How Does Shorting Stocks Work?
 

Many people think that you buy stocks and wait for the price appreciation to take place to make a capital gain. You can not only buy stocks and make profit when the stock price increases as the market goes up but you can also make profit by selling or shorting stocks as the stock price goes down as the market falls.

What is shorting stocks? You short the stocks by borrowing them from your broker and selling them to another buyer in the anticipation that the stock price will go down. Later on you buy back the stocks at a much lower price and return them to your broker. The difference between the selling price and the buying price is your profit.

Shorting stocks works when the stock price goes down. In case the stock price goes up, you can end up with a loss instead of a profit. Theoretically, the stock price can go up and up making your loss infinite. However, practically this cannot happen as at some stage you will receive a margin call from your broker.

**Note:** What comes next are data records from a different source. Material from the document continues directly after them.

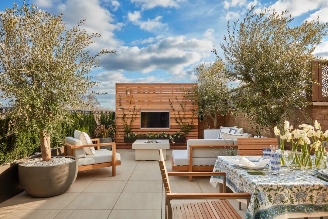 住宅的其他空间内,奶油色釉面中式花格、方形栏柱凳和八角威尼斯蚀刻玻璃镜令人一见难忘;而中式白瓷将军罐、瓷器、陶茶罐和日式酱油罐则装点着室内的各个角落。Katharine最喜欢的一个装饰细节,是用精致的古董纱丽制成的低悬灯罩,巧妙缓和了椭圆形吊灯硬朗的边缘。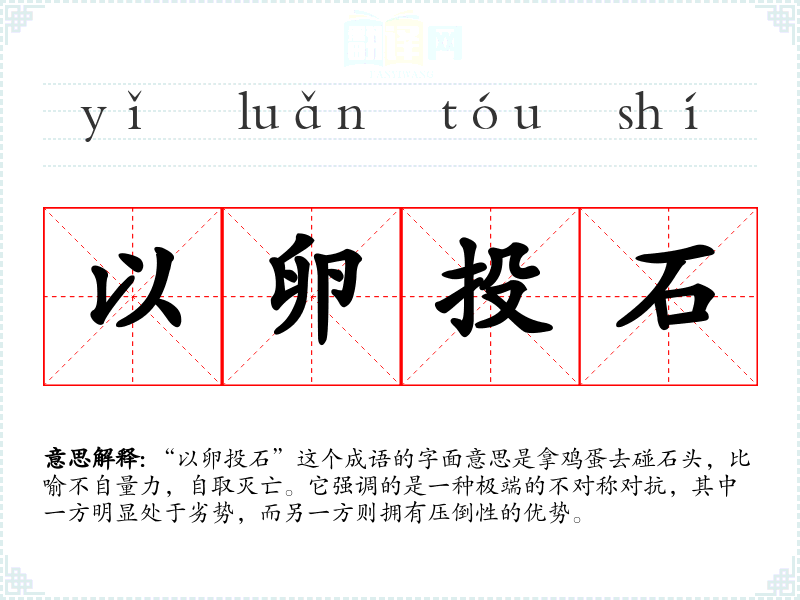 “以卵投石”这个成语的字面意思是拿鸡蛋去碰石头,比喻不自量力,自取灭亡。它强调的是一种极端的不对称对抗,其中一方明显处于劣势,而另一方则拥有压倒性的优势。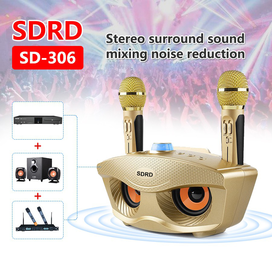SPEAKER BLUETOOTH KARAOKE SDRD SD 306 WIRELESS MIC KARAOKE DUAL MIKROFON NIRKABEL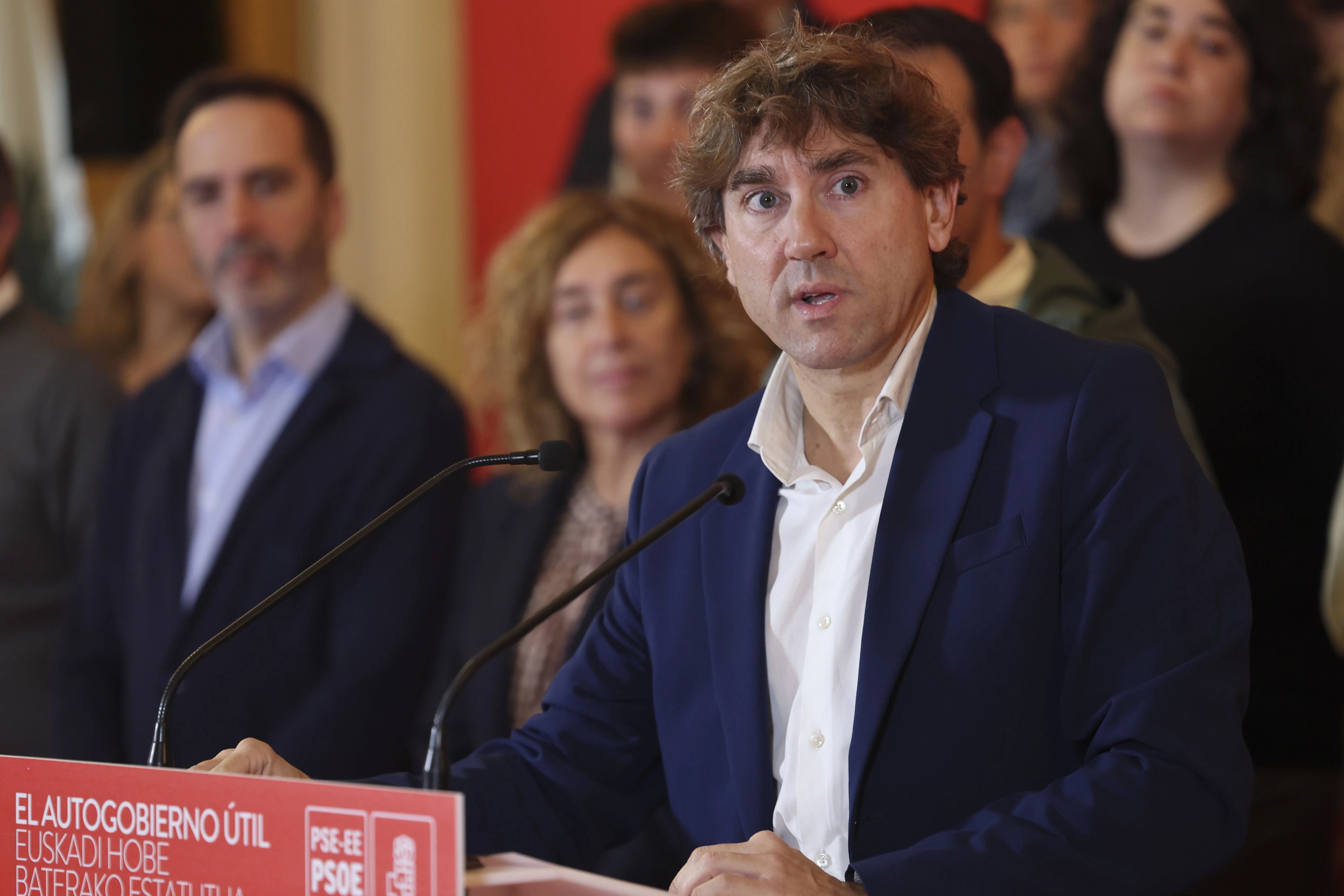 El secretario general del PSE-EE, Eneko Andueza, en la jornada de información sobre la Ley de Medidas Urgentes en materia de Vivienda, Suelo y Urbanismo. EFE/ Miguel Toña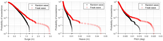 In order to further emphasize the effect of the freak waves, the probability of exceedance of absolute deck responses under random and freak waves is illustrated in Figure 10. As the offshore triceratops responses are inherently stochastic, comparing the probability of deck motion exceedances in different degrees of freedom clearly demonstrates the extent of the freak wave effect on the platform [45,46,47,48]. The comparison indicates that, up to a certain threshold, the probability of deck exceedance under random and freak waves was similar. However, beyond this threshold, the deck responses under freak waves showed an increasing trend. This reaffirms that freak wave action not only amplifies deck motion during the occurrence of the wave (close to ) but also increases the deck motion beyond in various degrees of freedom. The maximum deck responses under random waves (1.74 m surge, 0.01 m heave, and 0.015 degrees pitch) exhibit a probability of exceedance of 0.0001. Correspondingly, the probability of exceedance for the same responses under freak waves was determined to be 0.007, 0.008, and 0.004 in the surge, heave, and pitch degrees of freedom, respectively. This reiterates the magnification effect induced by the presence of freak waves on the deck response.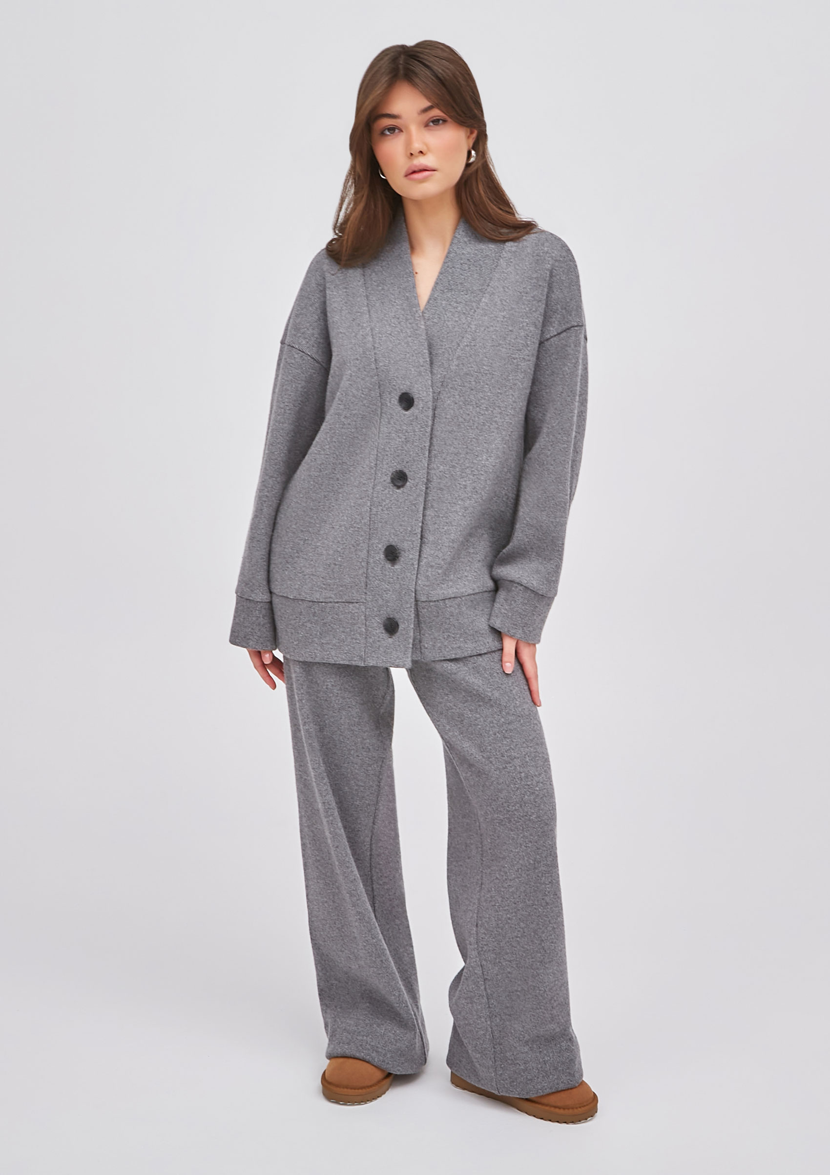 Кардиган шила к  брюкам  из футера трехнитки петля. Получился интересный костюм.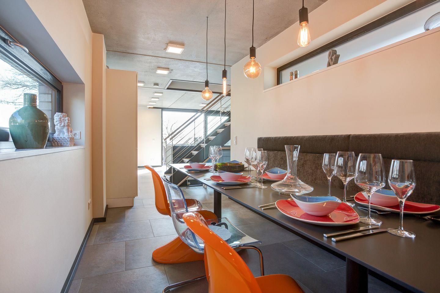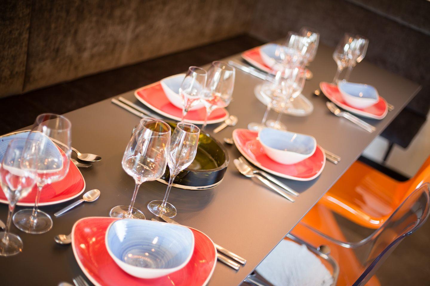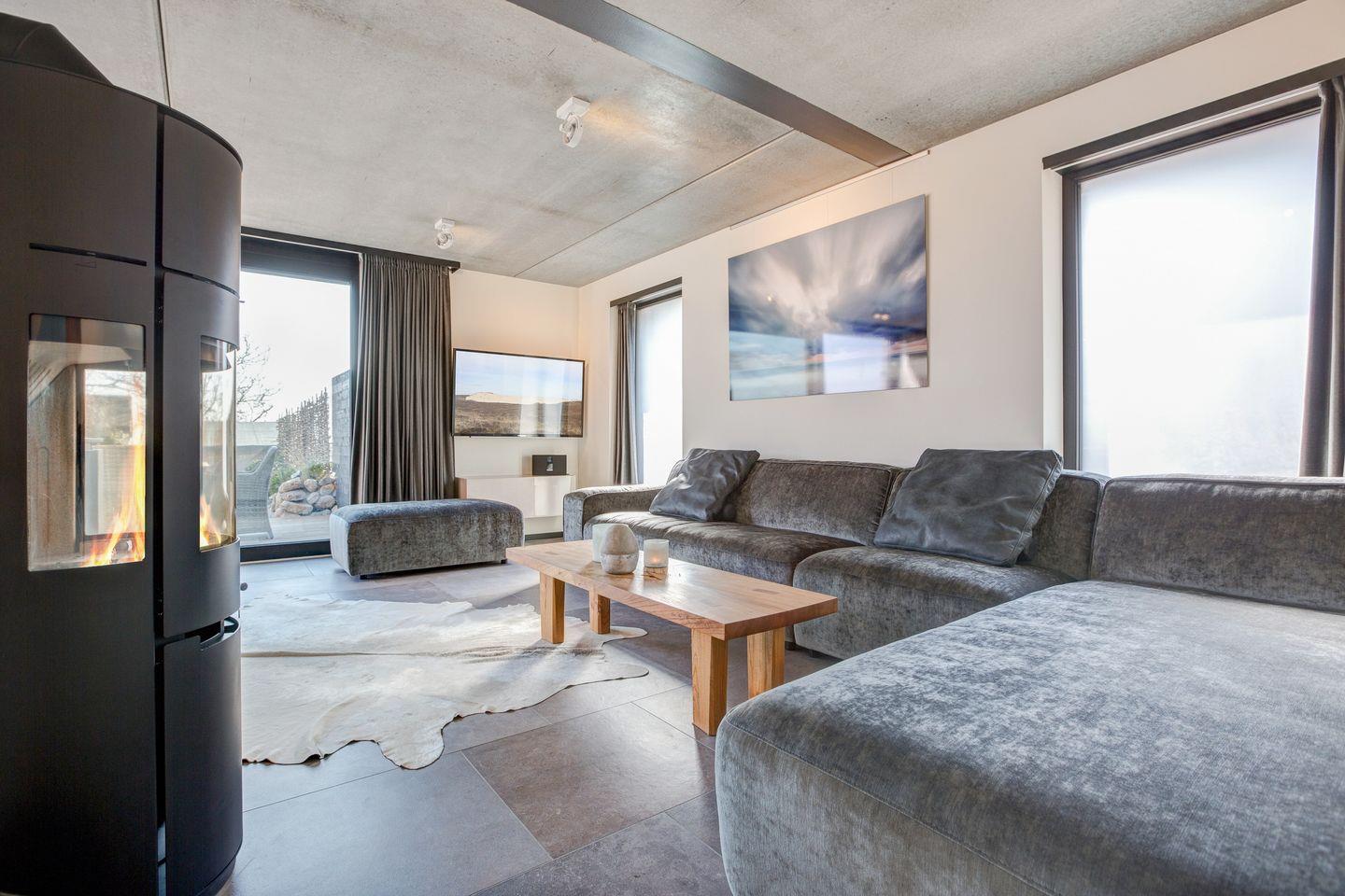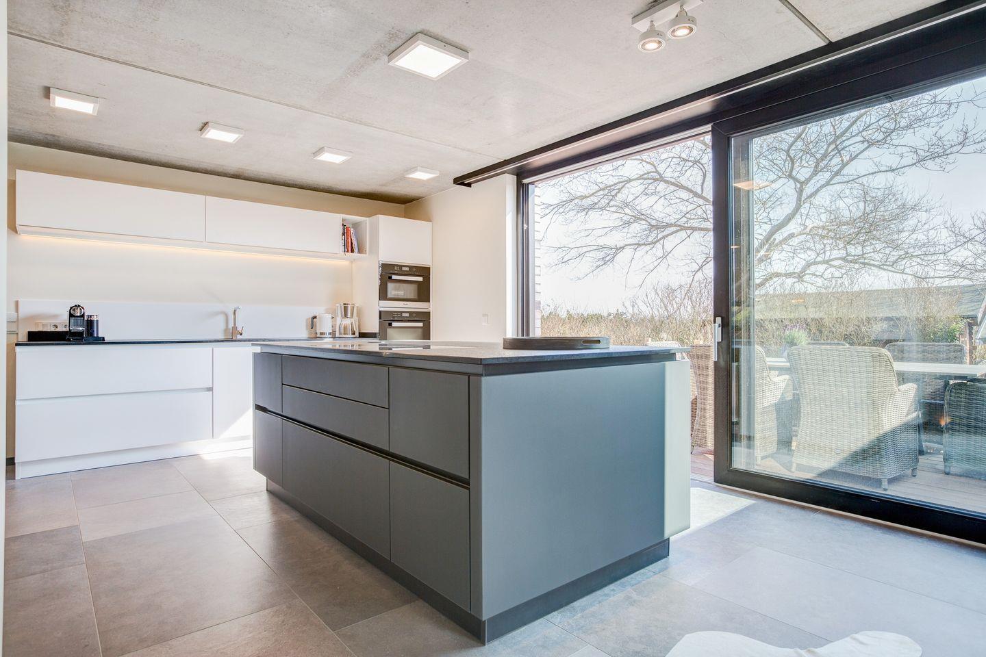 Großzügiger Wohnraum mit Flatscreen-TV. WLAN und eine überkomplette technische Ausstattung verstehen sich von selbst. Ein Kaminofen im Couchbereich lässt Ihren Urlaubstag herrlich entspannt bei einem Glas Rotwein ausklingen. Beeindruckende offene Küche mit zentralem Küchenblock. Hier kann man sich selbst als ambitionierterer Hobbykoch nach Herzenslust austoben und feine Menues zaubern. Espressomaschine, Weinschrank, Induktionsherd sowie Geschirrspülmaschine runden die überkomplette Küchenausstattungen ab. Die große Esstafel mit den legendären VITRA Pantone-Chairs bietet auch für die ganz große Runde Platz.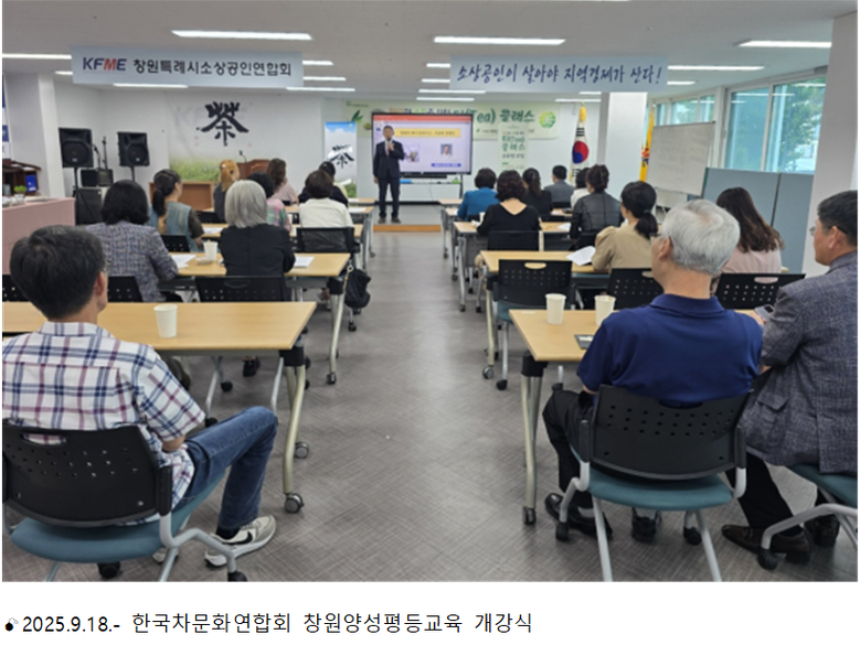 [세계타임즈]최성룡기자 = 사단법인 한국차문화연합회(회장 고성배)는 16일 경상북도 경산지부 제1기 연수회 수료식에 이어 18일에는 창원시소상공인연합회 교육장에서 여성의 사회 참여를 위한 ’힐링과 소통을 위한 티(Tea)클래스’ 개강식을 가졌다.

How does shorting stocks work? Suppose stock ABC is selling at $70 and you think that its price will go down in the near future. There can be many reasons behind your judgment. Anyway, you borrow 1000 ABC stocks from your broker and sell them in the market. You get $70,000.

The price does not go down. You had a stop loss of 10%. So the price goes up to $75 but the stop loss is not triggered. Suddenly a bad earnings report for the quarter is released by the company headquarters. The price suddenly plunges to $50. Since the effect of the bad news usually lasts a few days, you wait for two days and buy back the stock at $45. Your cost is $45,000. Thus your profit is $70,000-$45,000= $25,000.

Many active investors look for penny stocks that would have high value in the market. But, the fact is that you can see great profit with the penny stocks which have very less value in the market through shorting stocks. Basically shorting penny stocks means selling the shares that are not owned by the investors but has borrowed those shares temporarily. You can expect that the value of these stocks could get more in some time and you can buy these stocks at the time of the fall down price.